» **TASK STATEMENT**
All lines from the one bearing "Ātruma slāpētāja H50" through the end of the data below must be printed exactly as they stand, with pictures removed.

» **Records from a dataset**
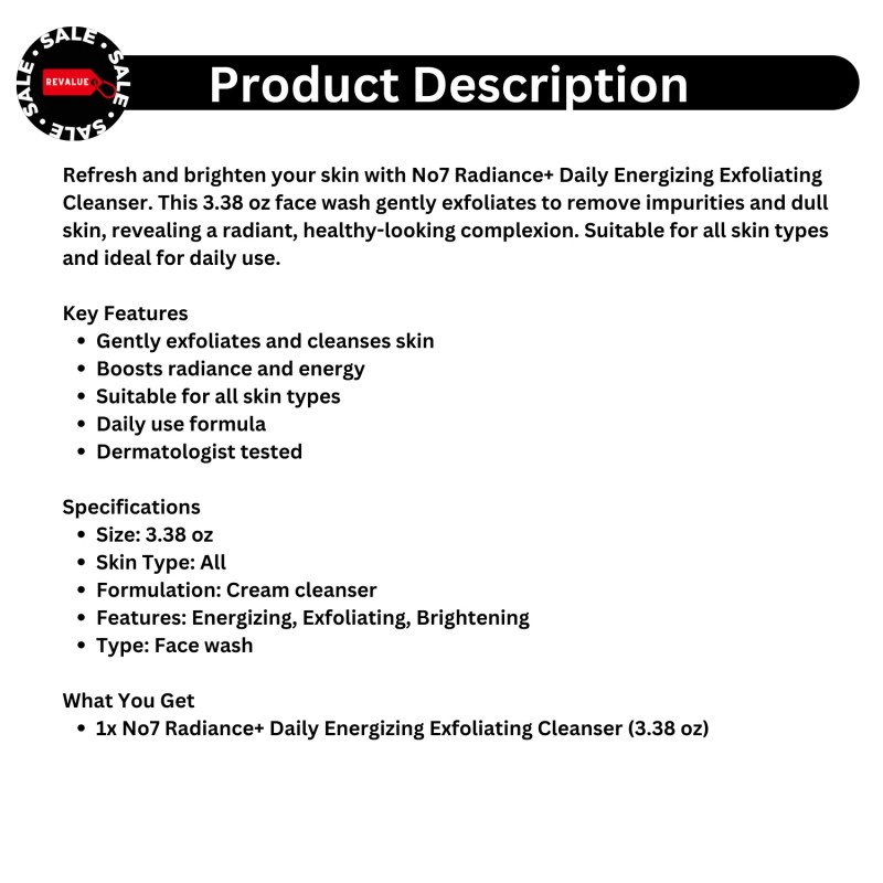 1x No7 Radiance+ Daily Energizing Exfoliating Cleanser (3.38 oz)
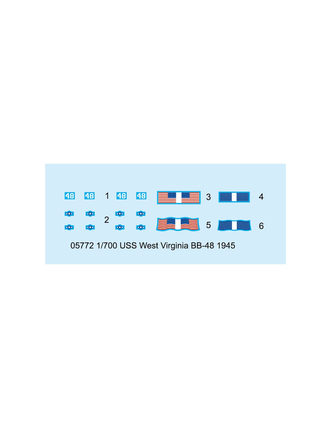 El USS West Virginia (BB-48) fue un acorazado estadounidense establecido en 1920, botado en noviembre de 1921 y comisionado en la Marina de los EE. UU. en 1923. La eslora del barco era de 190 m, la anchura de 29,7 my el desplazamiento total, en el momento de la botadura, de 33.500 toneladas. La velocidad máxima del acorazado USS West Virginia fue de hasta 21 nudos. El armamento principal era 8 cañones de 406 mm en cuatro torretas, dos cañones cada una, y el armamento secundario era principalmente 12 cañones de 127 mm.
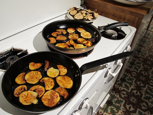 Once all the eggplant slices have been fried, I add them to the pot, taste for salt and then re-cover and leave simmering for another 20 minutes.
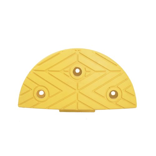 Ātruma slāpētāja H50 (guļošā policista) nobeiguma elements, gumijas. Izmēri: garums 200mm, platums 400mm, augstums 50mm. Krāsa: dzeltena. Montāžai nepieciešamas 3 skrūves (komplektā nav iekļautas!). Svars: 1,7kg.
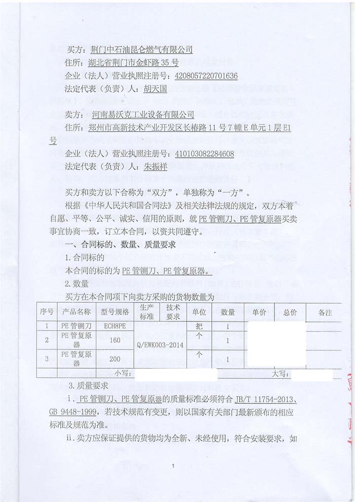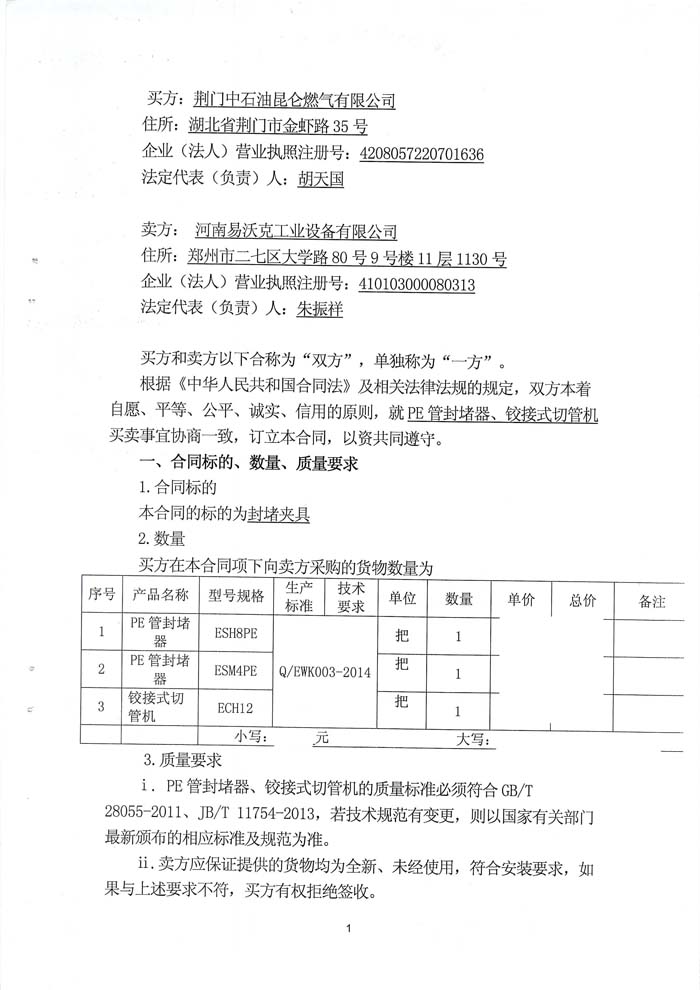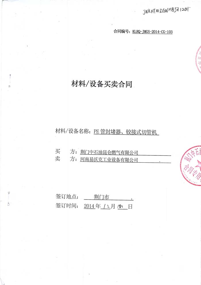 2015年湖北荊門中石油昆侖燃氣有限公司合作業(yè)績

» **FINISHED EXERCISE**
 Ātruma slāpētāja H50 (guļošā policista) nobeiguma elements, gumijas. Izmēri: garums 200mm, platums 400mm, augstums 50mm. Krāsa: dzeltena. Montāžai nepieciešamas 3 skrūves (komplektā nav iekļautas!). Svars: 1,7kg.
 2015年湖北荊門中石油昆侖燃氣有限公司合作業(yè)績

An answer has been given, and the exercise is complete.